** THE DATA **
╭──

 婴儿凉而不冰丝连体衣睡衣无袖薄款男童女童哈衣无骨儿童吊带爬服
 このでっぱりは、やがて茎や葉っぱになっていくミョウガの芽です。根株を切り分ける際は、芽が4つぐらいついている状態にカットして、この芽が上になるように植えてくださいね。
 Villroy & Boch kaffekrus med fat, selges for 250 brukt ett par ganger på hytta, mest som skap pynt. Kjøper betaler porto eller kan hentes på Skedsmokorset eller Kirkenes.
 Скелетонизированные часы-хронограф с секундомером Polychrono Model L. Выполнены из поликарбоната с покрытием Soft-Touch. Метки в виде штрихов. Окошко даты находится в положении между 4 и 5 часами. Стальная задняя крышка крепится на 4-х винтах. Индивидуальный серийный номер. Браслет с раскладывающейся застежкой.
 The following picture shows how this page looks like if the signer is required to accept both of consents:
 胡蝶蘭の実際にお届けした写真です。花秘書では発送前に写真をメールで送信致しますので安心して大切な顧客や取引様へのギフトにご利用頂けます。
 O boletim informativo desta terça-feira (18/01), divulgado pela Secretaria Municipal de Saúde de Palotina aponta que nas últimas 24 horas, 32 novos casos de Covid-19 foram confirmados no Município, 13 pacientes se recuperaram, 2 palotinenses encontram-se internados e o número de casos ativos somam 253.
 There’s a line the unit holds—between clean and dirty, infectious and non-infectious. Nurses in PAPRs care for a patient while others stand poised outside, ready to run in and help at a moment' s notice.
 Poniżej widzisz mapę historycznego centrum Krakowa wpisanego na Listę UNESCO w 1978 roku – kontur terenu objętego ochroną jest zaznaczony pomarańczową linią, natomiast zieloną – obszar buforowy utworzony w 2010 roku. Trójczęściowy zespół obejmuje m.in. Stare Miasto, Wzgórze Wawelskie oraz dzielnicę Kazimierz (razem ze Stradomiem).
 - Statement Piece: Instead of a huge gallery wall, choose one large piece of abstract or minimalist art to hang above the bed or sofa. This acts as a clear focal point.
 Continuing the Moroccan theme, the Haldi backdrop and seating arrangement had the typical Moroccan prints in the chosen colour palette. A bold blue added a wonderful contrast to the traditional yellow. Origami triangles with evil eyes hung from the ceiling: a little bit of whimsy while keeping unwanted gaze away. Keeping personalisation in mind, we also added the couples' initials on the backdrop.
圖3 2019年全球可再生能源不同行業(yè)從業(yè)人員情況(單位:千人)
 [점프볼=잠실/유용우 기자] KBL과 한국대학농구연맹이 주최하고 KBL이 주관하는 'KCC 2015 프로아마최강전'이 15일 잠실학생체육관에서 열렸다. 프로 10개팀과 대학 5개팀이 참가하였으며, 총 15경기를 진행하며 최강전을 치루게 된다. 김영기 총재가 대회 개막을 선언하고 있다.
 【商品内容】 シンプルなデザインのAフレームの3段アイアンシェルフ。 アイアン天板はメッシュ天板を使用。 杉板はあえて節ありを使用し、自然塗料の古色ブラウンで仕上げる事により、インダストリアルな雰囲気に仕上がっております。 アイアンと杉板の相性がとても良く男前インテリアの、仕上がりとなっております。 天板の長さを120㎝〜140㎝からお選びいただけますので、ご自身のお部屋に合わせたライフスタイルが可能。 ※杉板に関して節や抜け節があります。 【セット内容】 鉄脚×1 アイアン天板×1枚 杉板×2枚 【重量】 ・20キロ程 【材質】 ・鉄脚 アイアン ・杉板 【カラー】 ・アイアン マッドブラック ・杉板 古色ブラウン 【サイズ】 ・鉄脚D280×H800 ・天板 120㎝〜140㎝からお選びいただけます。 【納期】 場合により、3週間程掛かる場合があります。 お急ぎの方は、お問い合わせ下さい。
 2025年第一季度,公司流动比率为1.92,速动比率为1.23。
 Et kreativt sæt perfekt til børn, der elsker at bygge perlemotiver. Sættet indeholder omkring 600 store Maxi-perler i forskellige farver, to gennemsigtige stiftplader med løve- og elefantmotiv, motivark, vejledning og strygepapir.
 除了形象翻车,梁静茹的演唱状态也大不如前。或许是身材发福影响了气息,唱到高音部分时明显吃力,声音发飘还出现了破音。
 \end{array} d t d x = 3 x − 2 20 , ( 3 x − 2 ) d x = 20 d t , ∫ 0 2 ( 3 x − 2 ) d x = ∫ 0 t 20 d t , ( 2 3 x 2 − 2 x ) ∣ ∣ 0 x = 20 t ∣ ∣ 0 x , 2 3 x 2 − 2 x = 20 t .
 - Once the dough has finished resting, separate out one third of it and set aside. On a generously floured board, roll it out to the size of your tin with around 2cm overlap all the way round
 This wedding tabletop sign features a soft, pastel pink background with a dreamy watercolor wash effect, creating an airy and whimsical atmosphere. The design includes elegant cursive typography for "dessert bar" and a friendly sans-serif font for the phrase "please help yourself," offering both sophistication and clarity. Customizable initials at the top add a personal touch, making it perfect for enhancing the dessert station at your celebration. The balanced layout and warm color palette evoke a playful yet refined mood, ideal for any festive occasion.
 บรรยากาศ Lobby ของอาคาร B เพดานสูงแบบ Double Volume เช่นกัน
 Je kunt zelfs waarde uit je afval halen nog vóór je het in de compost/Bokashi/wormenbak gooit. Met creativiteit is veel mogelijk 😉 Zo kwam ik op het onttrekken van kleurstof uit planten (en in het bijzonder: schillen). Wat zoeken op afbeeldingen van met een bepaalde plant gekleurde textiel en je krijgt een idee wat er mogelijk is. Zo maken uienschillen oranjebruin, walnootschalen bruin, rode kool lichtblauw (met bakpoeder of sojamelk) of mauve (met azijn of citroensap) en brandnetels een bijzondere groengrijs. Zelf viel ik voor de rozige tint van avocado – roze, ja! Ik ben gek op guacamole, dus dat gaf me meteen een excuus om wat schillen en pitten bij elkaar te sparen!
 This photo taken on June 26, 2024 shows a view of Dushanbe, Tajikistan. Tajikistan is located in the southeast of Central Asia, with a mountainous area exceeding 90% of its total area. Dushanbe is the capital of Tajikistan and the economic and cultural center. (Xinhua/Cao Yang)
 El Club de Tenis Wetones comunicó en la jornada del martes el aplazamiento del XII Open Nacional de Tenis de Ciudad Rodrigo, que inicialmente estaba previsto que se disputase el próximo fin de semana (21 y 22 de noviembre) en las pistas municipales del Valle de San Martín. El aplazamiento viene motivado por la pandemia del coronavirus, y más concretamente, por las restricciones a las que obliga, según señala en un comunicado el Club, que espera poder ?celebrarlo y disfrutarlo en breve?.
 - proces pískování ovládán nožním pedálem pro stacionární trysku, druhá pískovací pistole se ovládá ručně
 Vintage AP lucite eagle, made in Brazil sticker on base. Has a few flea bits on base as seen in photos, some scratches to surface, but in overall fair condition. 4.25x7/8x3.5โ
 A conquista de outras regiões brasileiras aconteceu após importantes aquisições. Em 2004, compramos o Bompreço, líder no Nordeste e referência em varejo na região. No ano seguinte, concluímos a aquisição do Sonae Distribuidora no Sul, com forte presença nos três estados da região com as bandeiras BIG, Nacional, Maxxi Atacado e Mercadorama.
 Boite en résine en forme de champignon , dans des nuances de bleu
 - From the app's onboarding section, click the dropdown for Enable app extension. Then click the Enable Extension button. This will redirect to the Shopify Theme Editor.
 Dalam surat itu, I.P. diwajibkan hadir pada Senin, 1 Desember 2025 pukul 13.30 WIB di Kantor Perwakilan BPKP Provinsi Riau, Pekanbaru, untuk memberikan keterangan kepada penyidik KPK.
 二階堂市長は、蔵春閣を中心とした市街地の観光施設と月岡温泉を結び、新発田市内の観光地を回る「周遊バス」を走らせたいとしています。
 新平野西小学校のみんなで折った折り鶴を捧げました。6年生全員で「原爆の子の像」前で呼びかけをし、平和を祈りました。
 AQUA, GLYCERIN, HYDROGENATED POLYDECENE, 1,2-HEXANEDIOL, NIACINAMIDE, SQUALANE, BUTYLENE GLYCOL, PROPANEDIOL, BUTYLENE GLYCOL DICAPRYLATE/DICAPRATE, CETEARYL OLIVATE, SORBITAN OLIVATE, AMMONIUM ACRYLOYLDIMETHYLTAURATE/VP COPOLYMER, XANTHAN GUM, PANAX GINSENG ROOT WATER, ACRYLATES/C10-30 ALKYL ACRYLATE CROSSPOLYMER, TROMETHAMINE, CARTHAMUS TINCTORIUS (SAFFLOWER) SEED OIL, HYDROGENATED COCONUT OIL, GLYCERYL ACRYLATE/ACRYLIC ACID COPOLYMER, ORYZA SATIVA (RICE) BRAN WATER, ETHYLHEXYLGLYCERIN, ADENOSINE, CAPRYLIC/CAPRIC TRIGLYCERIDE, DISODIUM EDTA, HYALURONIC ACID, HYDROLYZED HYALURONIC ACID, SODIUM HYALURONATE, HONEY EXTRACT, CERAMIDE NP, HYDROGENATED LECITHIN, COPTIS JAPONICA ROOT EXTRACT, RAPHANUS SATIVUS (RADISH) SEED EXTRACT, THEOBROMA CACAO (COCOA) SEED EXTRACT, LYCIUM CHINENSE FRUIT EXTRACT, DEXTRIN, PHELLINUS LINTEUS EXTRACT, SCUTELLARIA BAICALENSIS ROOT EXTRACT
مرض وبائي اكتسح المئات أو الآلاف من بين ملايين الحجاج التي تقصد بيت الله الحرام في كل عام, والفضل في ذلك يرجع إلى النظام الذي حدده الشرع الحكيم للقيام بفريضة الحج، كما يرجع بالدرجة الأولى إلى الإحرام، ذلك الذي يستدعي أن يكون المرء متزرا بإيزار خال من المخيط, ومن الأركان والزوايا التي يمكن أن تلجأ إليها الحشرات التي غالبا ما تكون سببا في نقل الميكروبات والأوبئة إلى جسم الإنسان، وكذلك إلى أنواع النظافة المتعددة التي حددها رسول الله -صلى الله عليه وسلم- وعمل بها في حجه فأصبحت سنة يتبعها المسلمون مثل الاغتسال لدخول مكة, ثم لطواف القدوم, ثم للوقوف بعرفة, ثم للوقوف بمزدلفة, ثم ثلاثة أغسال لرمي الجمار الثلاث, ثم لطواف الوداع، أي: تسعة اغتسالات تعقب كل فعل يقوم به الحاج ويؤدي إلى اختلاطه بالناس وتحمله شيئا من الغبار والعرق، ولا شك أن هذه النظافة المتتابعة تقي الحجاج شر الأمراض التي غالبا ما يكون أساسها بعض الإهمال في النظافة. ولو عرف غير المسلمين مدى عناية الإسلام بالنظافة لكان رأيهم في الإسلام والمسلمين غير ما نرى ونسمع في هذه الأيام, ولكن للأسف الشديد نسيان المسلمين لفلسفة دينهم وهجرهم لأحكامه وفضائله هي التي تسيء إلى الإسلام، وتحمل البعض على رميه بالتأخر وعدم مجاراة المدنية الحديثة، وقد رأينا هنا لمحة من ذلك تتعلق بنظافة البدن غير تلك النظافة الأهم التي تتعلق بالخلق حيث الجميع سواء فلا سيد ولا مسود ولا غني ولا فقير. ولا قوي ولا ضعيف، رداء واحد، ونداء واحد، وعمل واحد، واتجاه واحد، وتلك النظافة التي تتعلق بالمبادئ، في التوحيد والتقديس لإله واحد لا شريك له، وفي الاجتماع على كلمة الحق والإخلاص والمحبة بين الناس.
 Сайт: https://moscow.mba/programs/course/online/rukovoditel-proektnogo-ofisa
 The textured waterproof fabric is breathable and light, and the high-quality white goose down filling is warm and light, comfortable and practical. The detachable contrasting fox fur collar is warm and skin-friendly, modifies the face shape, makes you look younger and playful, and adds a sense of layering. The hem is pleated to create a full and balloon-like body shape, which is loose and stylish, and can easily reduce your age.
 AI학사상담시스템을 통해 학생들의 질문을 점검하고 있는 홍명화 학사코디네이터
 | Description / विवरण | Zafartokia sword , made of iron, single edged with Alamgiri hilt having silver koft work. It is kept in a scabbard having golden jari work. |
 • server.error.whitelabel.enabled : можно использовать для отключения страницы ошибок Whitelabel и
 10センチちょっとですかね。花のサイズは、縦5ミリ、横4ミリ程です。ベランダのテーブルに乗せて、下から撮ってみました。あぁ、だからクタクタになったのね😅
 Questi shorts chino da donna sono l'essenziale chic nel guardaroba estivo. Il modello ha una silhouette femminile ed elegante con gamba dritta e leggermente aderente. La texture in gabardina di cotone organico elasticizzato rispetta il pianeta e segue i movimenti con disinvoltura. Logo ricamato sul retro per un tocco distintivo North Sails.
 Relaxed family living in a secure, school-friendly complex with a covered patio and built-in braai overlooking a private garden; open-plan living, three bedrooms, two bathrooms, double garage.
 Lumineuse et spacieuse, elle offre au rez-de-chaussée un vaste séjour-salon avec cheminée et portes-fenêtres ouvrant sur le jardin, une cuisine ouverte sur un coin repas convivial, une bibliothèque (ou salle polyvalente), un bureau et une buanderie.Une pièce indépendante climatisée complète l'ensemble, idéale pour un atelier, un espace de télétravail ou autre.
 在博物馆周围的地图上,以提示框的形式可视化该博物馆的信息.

╰──

** TASK OBJECTIVE **
Track down all lines above with the string "shows" and copy them.

** OUTPUT BELOW **
 The following picture shows how this page looks like if the signer is required to accept both of consents:
 This photo taken on June 26, 2024 shows a view of Dushanbe, Tajikistan. Tajikistan is located in the southeast of Central Asia, with a mountainous area exceeding 90% of its total area. Dushanbe is the capital of Tajikistan and the economic and cultural center. (Xinhua/Cao Yang)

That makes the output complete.